Maybe I am misunderstanding your problem, but my first thought is to use SSL. It is designed to ensure that you're talking to the server you think you are, and that no one has modified the content midstream. You do not even have to trust the network in this case, because of the nature of SSL.
The good thing about this approach is that you can fairly easily drop it into your existing web application. In most cases, you can basically configure your HTTP server to use SSL, and change your http:// requests to https://.
This is an old, open question but the answers seemed to not do this justice.
https:// provides integrity, not true identification nor non-repudiation.
I direct you to http://www.matasano.com/articles/javascript-cryptography/
Don't do crypto in JS, because a malicious injected script can easily grab passwords or alter the library. SJCL is neat, but it offer a blatantly false sense of security (their quote, and quoted by above)
Unfortunately, this is not as great as in desktop applications
because it is not feasible to completely protect against code
injection, malicious servers and side-channel attacks.
The long-term issue is that JavaScript lacks:
Uniformly working const
The ability to make objects deeply const and not reprototypable.
Code-signing
// codesign: cert:(hex fingerprint) signature:(hex MAC)
Certs would be managed similar to CA certs. MAC would be used with appropriate sign/verify constructions.
Crypto, clipboard stuff are reasons to have JavaScript native plugins (signed, of course)
Getting JavaScript engines to all implement a standard is another thing, but it's doable an it's absolutely necessary to end a large swath of malware.

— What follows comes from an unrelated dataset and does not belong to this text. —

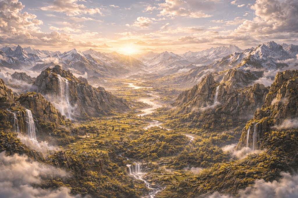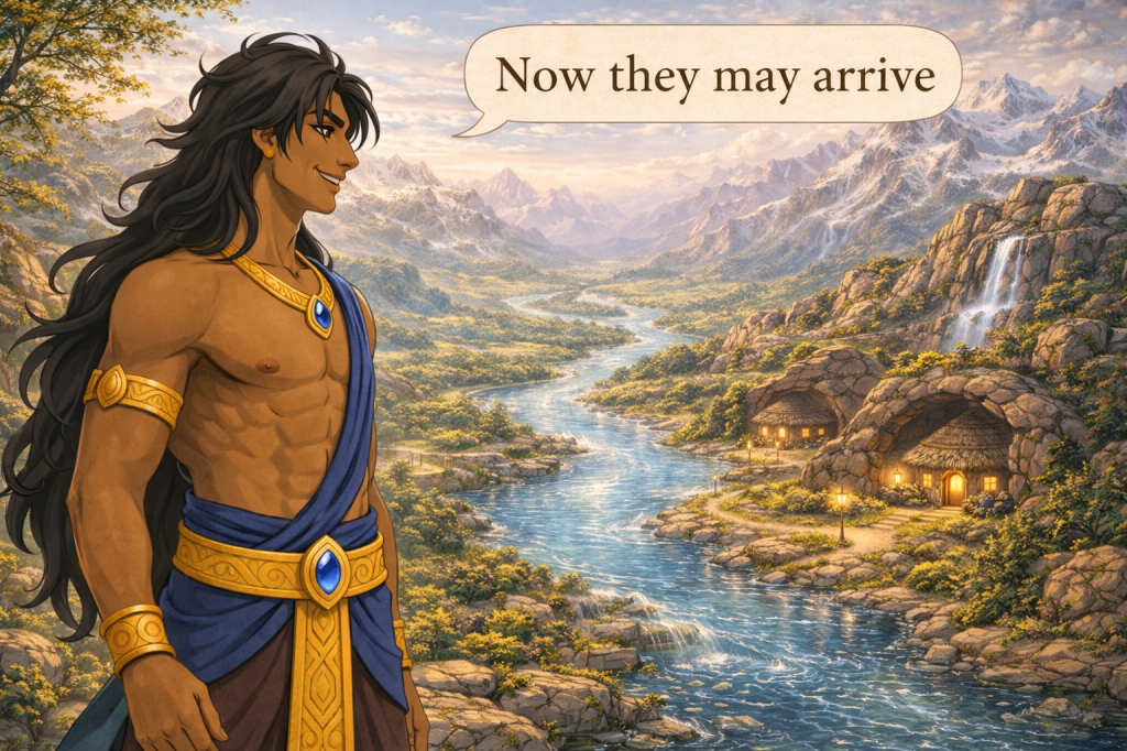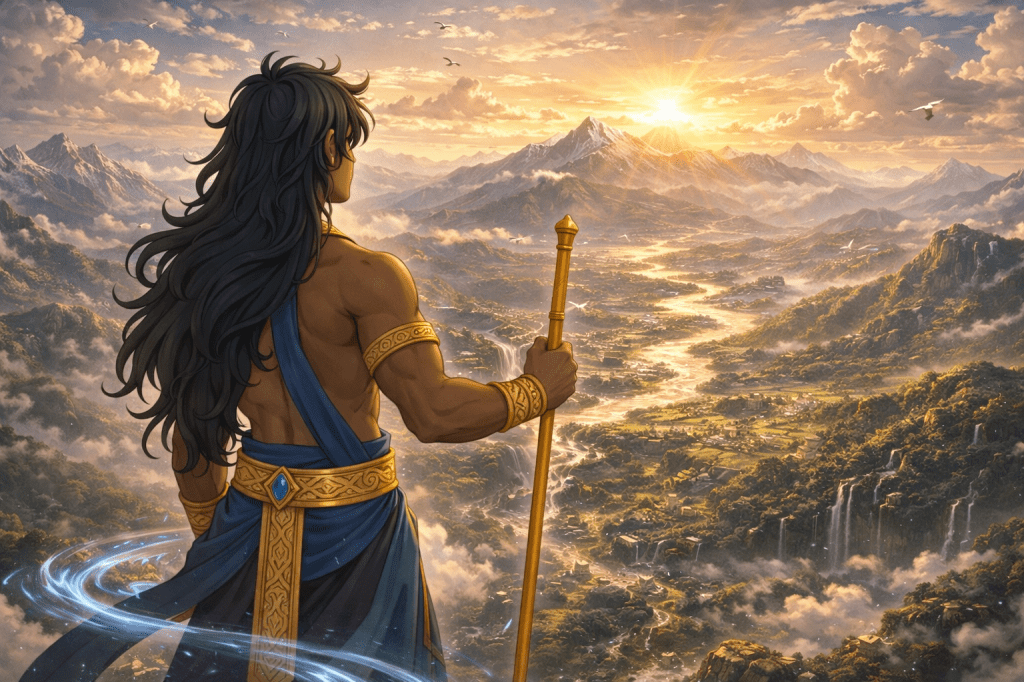 As the last stream found its place, Kanhav looked across Parshivlok once more, seeing mountains standing firm, soil breathing life, lands ready for homes, and water flowing without fear.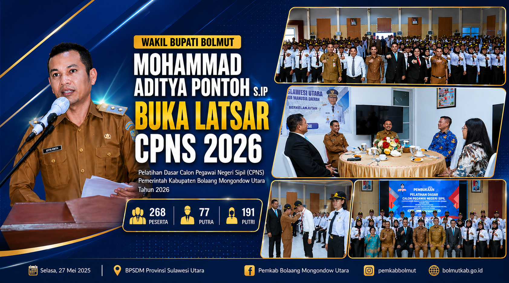 NEFAnews Com BOLMUT – Wakil Bupati Bolaang Mongondow Utara, Mohammad Aditya Pontoh, S.I.P, secara resmi membuka Pelatihan Dasar (Latsar) Calon Pegawai Negeri Sipil (CPNS) Pemerintah Kabupaten Bolaang Mongondow Utara Tahun 2026.

You could have an external Javascript file which takes an MD5 hash of your login JS, and sends an Ajax request to the server to verify that it is correct and up-to-date. Use basic security or encryption practices here - public/private keys or some other method to be sure that the response came from your server.
You can then confidently display to the user that the client-side scripts are verified, and allow the login script to proceed.